IL REPORT EY

Cybersecurity, la trasformazione digitale è un rischio (se non è gestita). A che punto siamo

La 20esima edizione della EY Global Information Security Survey conferma: oggi le aziende, tutte “digital by default”, sanno di essere ad alto rischio attacchi. Le conseguenze, oltre a costi diretti e indiretti, sono perdita di reputazione e sanzioni. Italia ancora indietro: oltre la metà delle società si sente inadeguata

Pubblicato il 19 Gen 2018

Cybersecurity

Le aziende ormai hanno capito: la sicurezza dei loro sistemi informatici è in forte pericolo. Lo conferma la ventesima edizione della EY Global Information Security Survey (GISS), Cybersecurity regained: preparing to face cyber attacks: un report dal quale si evince che le organizzazioni ritengono di essere oggi in una situazione di elevato rischio di attacchi informatici. In Italia però non si fa ancora abbastanza: oltre la metà delle imprese non ha un sistema di intelligence per prevenire le minacce e si sente poco adeguato in tema di protezione dei dati personali, mentre la stragrande maggioranza (71%) si sente anche poco consapevole sulla sicurezza delle informazioni.

L’indagine, basata sulle interviste a circa 1.200 top manager delle più grandi e riconosciute aziende al mondo, esamina alcune delle loro preoccupazioni principali in tema di cybersecurity e come le stanno affrontando.

Emerge chiaramente che la trasformazione digitale, se non gestita, può creare dei rischi: oggi tutte le organizzazioni sono “Digital by Default”. Non tutte operano attraverso canali digitali, ma tutte operano con cultura, tecnologie e processi tipici dell’era Internet, in un mondo connesso e convergente reso possibile dall’ Internet of Things (IoT), dove ogni asset tecnologico rappresenta un altro nodo nella rete globale.

Solo il 4% delle organizzazioni prese in esame dichiara di aver considerato tutti gli impatti sulla sicurezza della loro attuale strategia e di monitorare in modo appropriato tutti i rischi rilevanti in tema di minacce cyber e vulnerabilità.

Il 65% degli intervistati ritiene di essere più a rischio oggi rispetto a 12 mesi fa, poiché la rapida accelerazione della connettività, all’interno delle loro organizzazioni globali, ha introdotto nuove vulnerabilità alimentate dalla crescita dell’Internet of Things (IoT).
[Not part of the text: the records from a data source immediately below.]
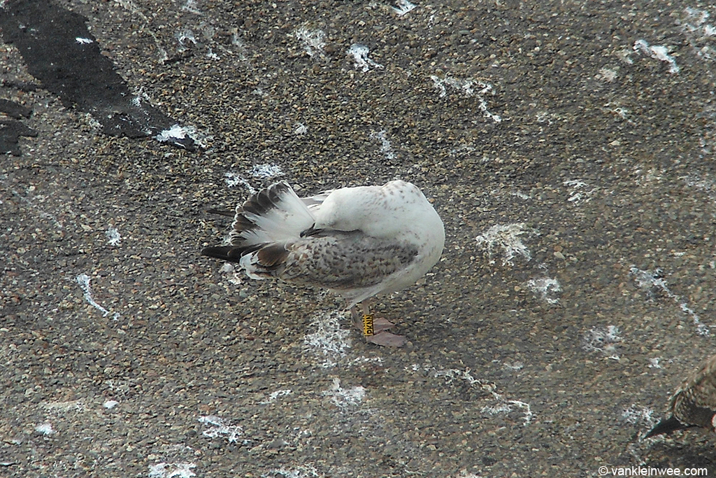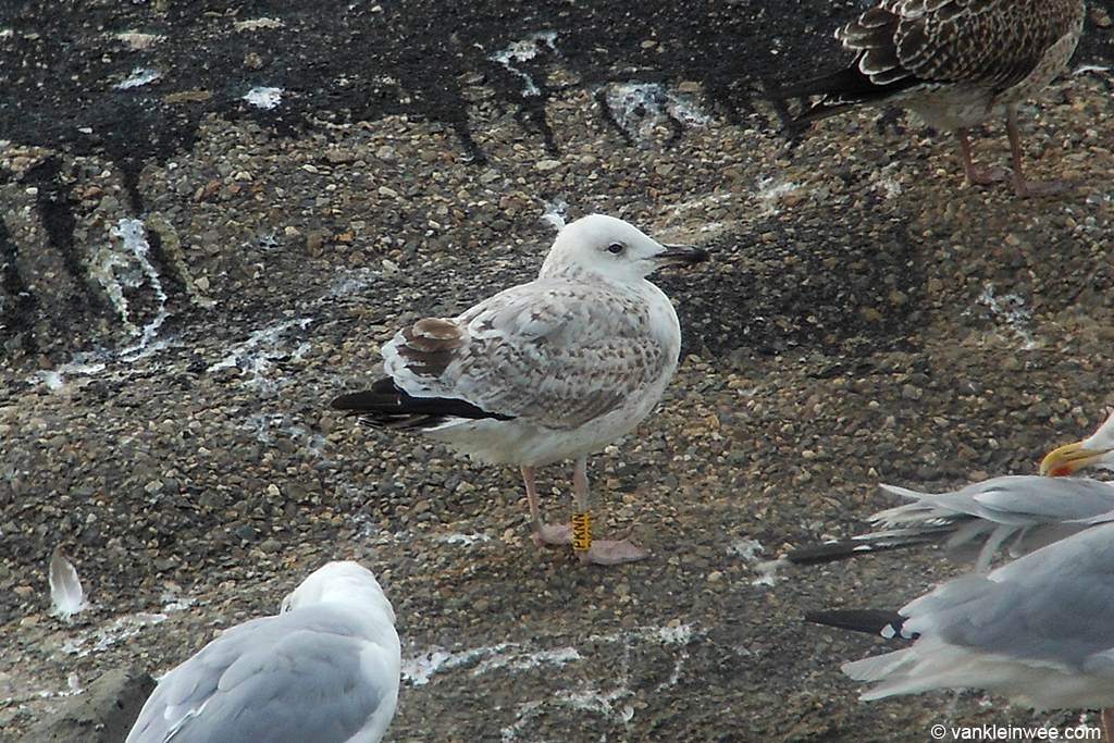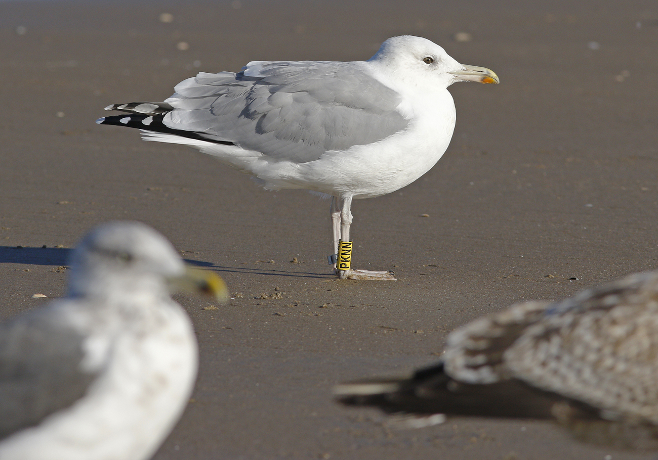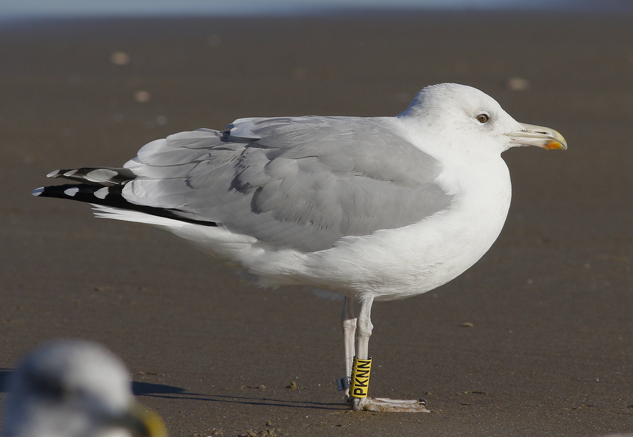 Larus cachinnans PKNN 2CY & 5CY, September 2013 & October 2016, Katwijk, the Netherlands. Picture: Maarten van Kleinwee & Mars Muusse. Yellow PKNN and metal PLG DN-28669, ringed as pullus on May 25 2012, at Kozielno, Paczkow, S-SW Poland, (50°28' N, 16°58' E). below: Larus cachinnans PKNN 5CY, October 05 2016, Katwijk, the Netherlands. Picture: Mars Muusse. P9-P10 growing.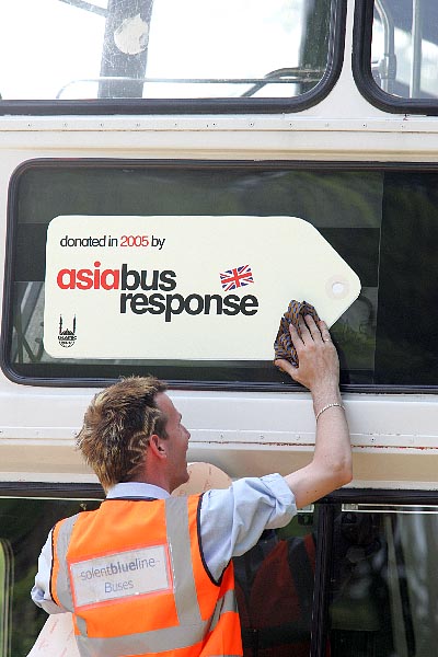 Applying Asia Bus Response stickers supplied by supporter, Viacom Outdoor
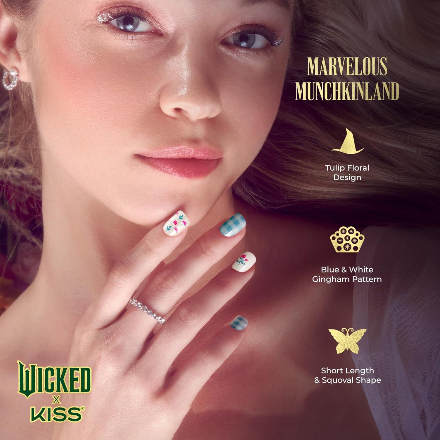 WICKED X KISS Press-On Nails – Waterproof, Chip-Resistant & Smudge-Proof, 28 Count Fake Nail(Marvelous Munchkinland)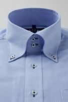 一番上のボタンを2つ縦につけることにより衿が高く、やや大きめな衿型となっています。
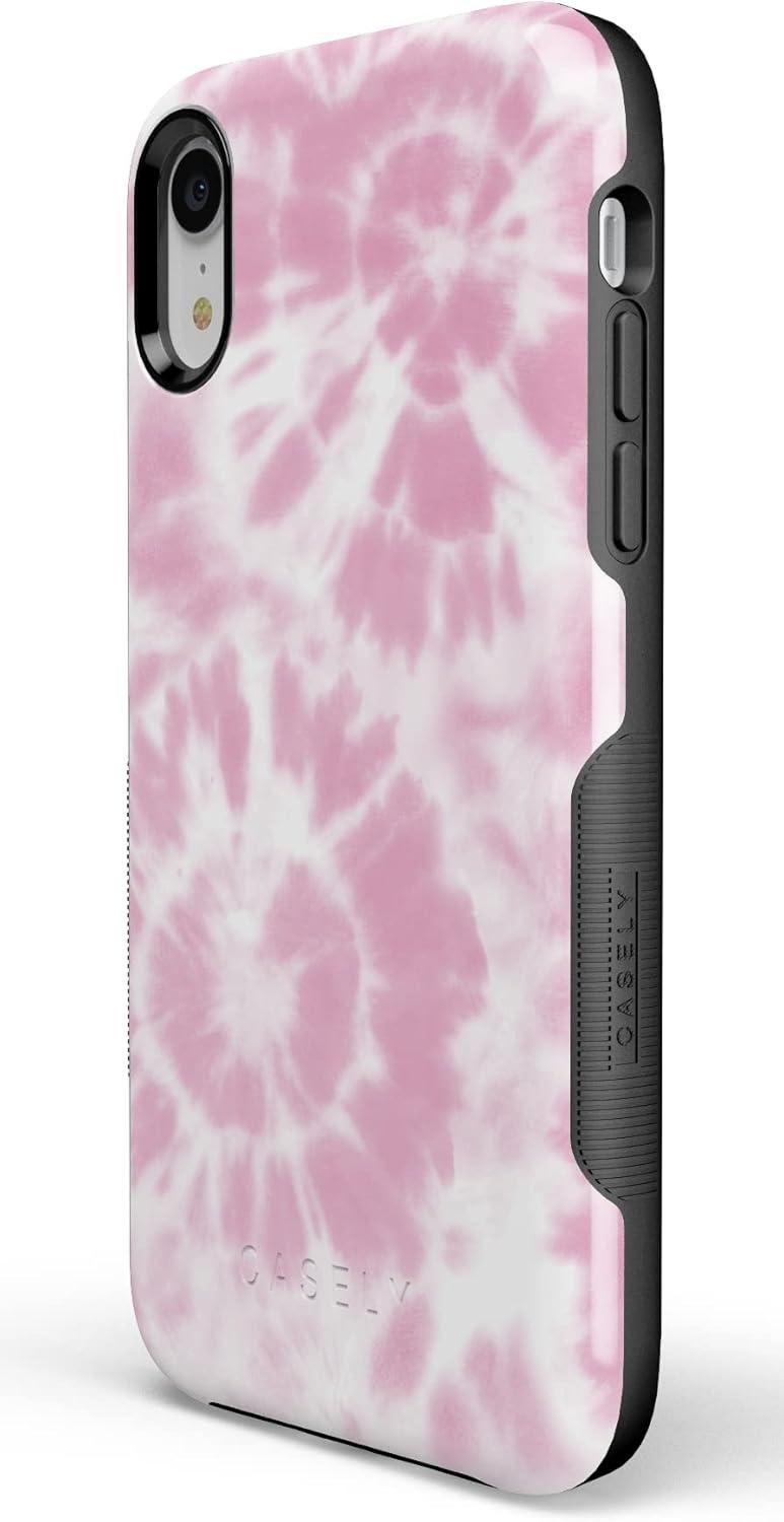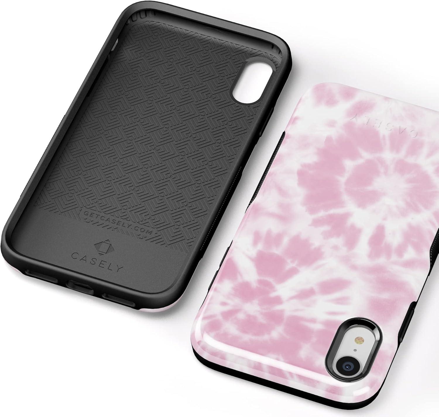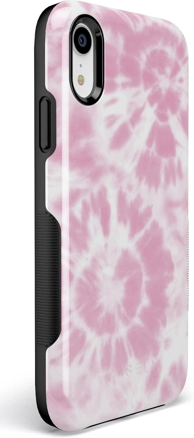 Casely iPhone XR Case | Goth Girlie | Black Bows | Essential Slim Dual-Layer Protective Design(Down for Whatever | Light Pink Tie Dye)

Fabio Cappelli, Partner EY Responsabile Cybersecurity per Italia, Spagna e Portogallo, commenta: “Oggi tra i costi diretti ed indiretti che un attacco può causare, vanno considerati anche la perdita di reputazione, le sanzioni come quelle previste dall’ormai imminente entrata in vigore del GDPR, ed anche le conseguenze per le aziende.  L’elevato livello di connessione ed il ruolo giocato dall’IoT offrono ai potenziali attaccanti la possibilità di intervenire sul funzionamento dei sistemi industriali e persino su dispositivi che possono porre a rischio la vita delle persone, come ad esempio può accadere negli ospedali”.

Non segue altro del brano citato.